◆ **RECORD EXTRACTS**
Start of Block

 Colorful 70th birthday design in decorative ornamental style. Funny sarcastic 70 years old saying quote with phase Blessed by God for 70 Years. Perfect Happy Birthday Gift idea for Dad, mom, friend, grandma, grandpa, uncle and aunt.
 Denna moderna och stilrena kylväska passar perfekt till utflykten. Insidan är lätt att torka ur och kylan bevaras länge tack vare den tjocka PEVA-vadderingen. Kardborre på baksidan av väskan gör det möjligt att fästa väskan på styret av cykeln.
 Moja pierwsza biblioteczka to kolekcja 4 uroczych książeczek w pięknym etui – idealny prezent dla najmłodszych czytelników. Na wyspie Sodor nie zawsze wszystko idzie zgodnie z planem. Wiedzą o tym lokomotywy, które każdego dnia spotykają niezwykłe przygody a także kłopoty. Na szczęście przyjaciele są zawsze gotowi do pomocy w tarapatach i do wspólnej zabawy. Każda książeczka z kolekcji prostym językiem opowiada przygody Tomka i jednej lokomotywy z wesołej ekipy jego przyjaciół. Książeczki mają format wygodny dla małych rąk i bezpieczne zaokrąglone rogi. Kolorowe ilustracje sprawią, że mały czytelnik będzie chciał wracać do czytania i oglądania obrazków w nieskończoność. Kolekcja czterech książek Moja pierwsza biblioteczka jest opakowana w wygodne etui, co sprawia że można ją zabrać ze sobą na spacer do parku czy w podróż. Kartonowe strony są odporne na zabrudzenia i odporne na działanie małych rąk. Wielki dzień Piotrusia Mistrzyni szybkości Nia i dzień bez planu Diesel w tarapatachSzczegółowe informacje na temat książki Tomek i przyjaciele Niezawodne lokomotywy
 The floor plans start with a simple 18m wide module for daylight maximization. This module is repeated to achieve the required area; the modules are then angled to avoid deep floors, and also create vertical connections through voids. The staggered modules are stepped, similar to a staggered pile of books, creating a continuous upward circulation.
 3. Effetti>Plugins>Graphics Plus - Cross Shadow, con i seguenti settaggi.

End of Block
Start of Block

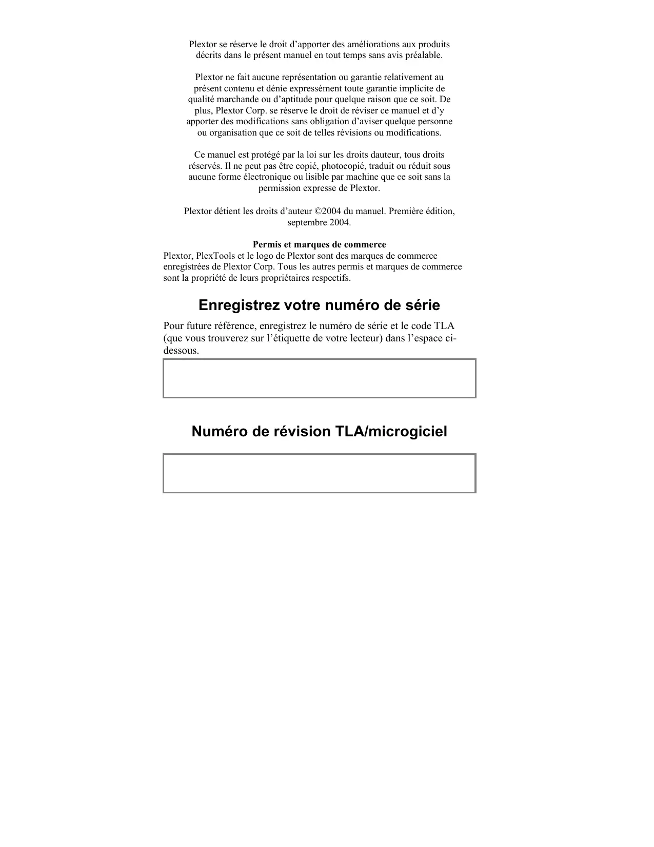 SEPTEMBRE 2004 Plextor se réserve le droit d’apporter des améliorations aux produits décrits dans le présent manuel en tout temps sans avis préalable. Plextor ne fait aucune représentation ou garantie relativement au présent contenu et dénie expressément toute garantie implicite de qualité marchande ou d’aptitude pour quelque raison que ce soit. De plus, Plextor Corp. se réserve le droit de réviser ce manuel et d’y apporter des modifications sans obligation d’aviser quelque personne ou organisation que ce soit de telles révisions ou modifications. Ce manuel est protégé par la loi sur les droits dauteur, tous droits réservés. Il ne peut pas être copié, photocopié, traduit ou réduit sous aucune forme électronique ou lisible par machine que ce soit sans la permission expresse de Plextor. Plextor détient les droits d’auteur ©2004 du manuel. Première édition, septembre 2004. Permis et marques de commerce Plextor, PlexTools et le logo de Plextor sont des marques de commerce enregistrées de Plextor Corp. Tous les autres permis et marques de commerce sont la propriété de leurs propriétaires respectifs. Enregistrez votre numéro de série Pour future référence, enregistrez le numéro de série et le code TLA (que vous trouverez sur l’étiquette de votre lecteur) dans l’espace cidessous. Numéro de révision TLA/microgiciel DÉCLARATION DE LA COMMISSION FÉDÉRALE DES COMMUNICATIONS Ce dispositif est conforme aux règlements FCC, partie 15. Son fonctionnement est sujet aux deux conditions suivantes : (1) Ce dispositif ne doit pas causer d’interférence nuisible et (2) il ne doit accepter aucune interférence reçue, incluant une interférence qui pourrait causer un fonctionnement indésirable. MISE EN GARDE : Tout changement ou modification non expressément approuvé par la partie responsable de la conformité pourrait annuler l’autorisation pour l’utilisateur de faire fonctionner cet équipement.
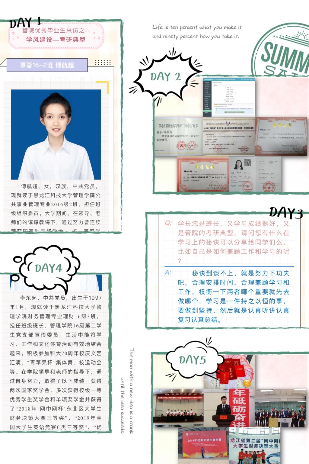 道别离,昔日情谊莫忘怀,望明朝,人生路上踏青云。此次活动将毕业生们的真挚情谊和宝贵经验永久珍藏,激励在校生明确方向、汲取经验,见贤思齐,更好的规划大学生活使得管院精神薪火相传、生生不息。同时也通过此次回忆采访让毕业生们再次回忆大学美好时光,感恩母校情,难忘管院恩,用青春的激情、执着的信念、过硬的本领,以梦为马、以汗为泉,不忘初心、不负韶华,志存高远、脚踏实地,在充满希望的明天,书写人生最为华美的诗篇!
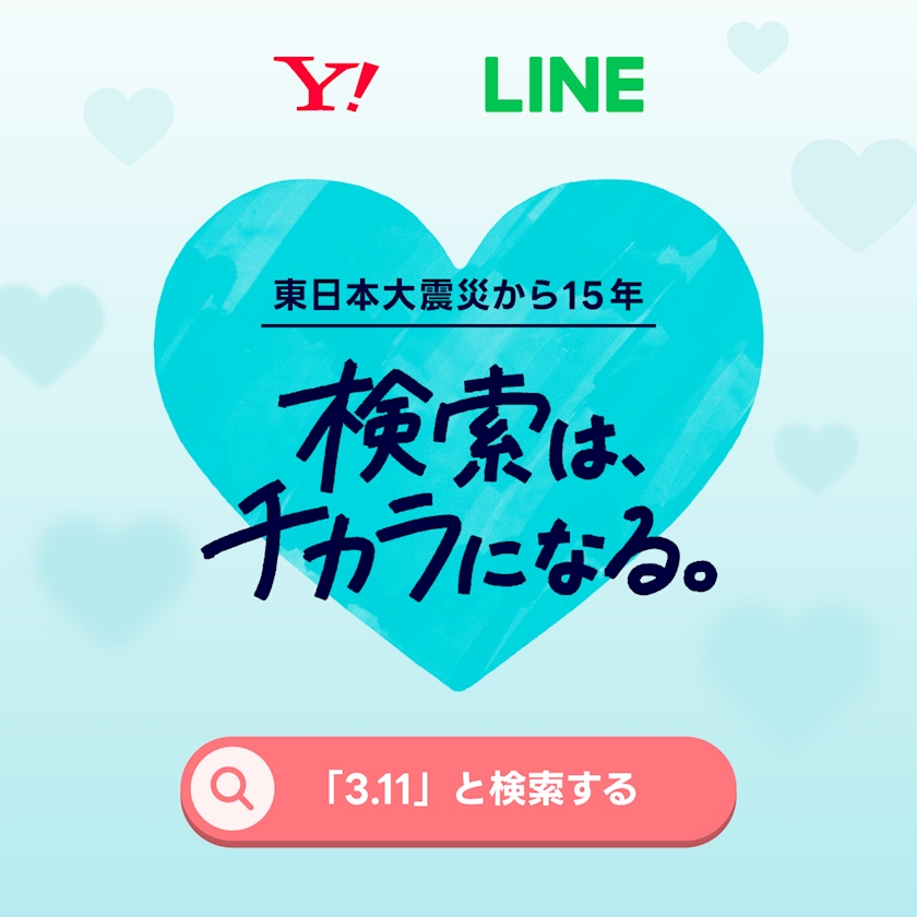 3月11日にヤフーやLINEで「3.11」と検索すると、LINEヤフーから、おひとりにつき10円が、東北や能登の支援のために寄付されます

End of Block

◆ **EXERCISE**
Output the lines of the records above exactly as they appear, from the line containing "Moja pierwsza biblioteczka to" through the line containing "3. Effetti>Plugins>Graphics Plus".

◆ **TASK ANSWER**
 Moja pierwsza biblioteczka to kolekcja 4 uroczych książeczek w pięknym etui – idealny prezent dla najmłodszych czytelników. Na wyspie Sodor nie zawsze wszystko idzie zgodnie z planem. Wiedzą o tym lokomotywy, które każdego dnia spotykają niezwykłe przygody a także kłopoty. Na szczęście przyjaciele są zawsze gotowi do pomocy w tarapatach i do wspólnej zabawy. Każda książeczka z kolekcji prostym językiem opowiada przygody Tomka i jednej lokomotywy z wesołej ekipy jego przyjaciół. Książeczki mają format wygodny dla małych rąk i bezpieczne zaokrąglone rogi. Kolorowe ilustracje sprawią, że mały czytelnik będzie chciał wracać do czytania i oglądania obrazków w nieskończoność. Kolekcja czterech książek Moja pierwsza biblioteczka jest opakowana w wygodne etui, co sprawia że można ją zabrać ze sobą na spacer do parku czy w podróż. Kartonowe strony są odporne na zabrudzenia i odporne na działanie małych rąk. Wielki dzień Piotrusia Mistrzyni szybkości Nia i dzień bez planu Diesel w tarapatachSzczegółowe informacje na temat książki Tomek i przyjaciele Niezawodne lokomotywy
 The floor plans start with a simple 18m wide module for daylight maximization. This module is repeated to achieve the required area; the modules are then angled to avoid deep floors, and also create vertical connections through voids. The staggered modules are stepped, similar to a staggered pile of books, creating a continuous upward circulation.
 3. Effetti>Plugins>Graphics Plus - Cross Shadow, con i seguenti settaggi.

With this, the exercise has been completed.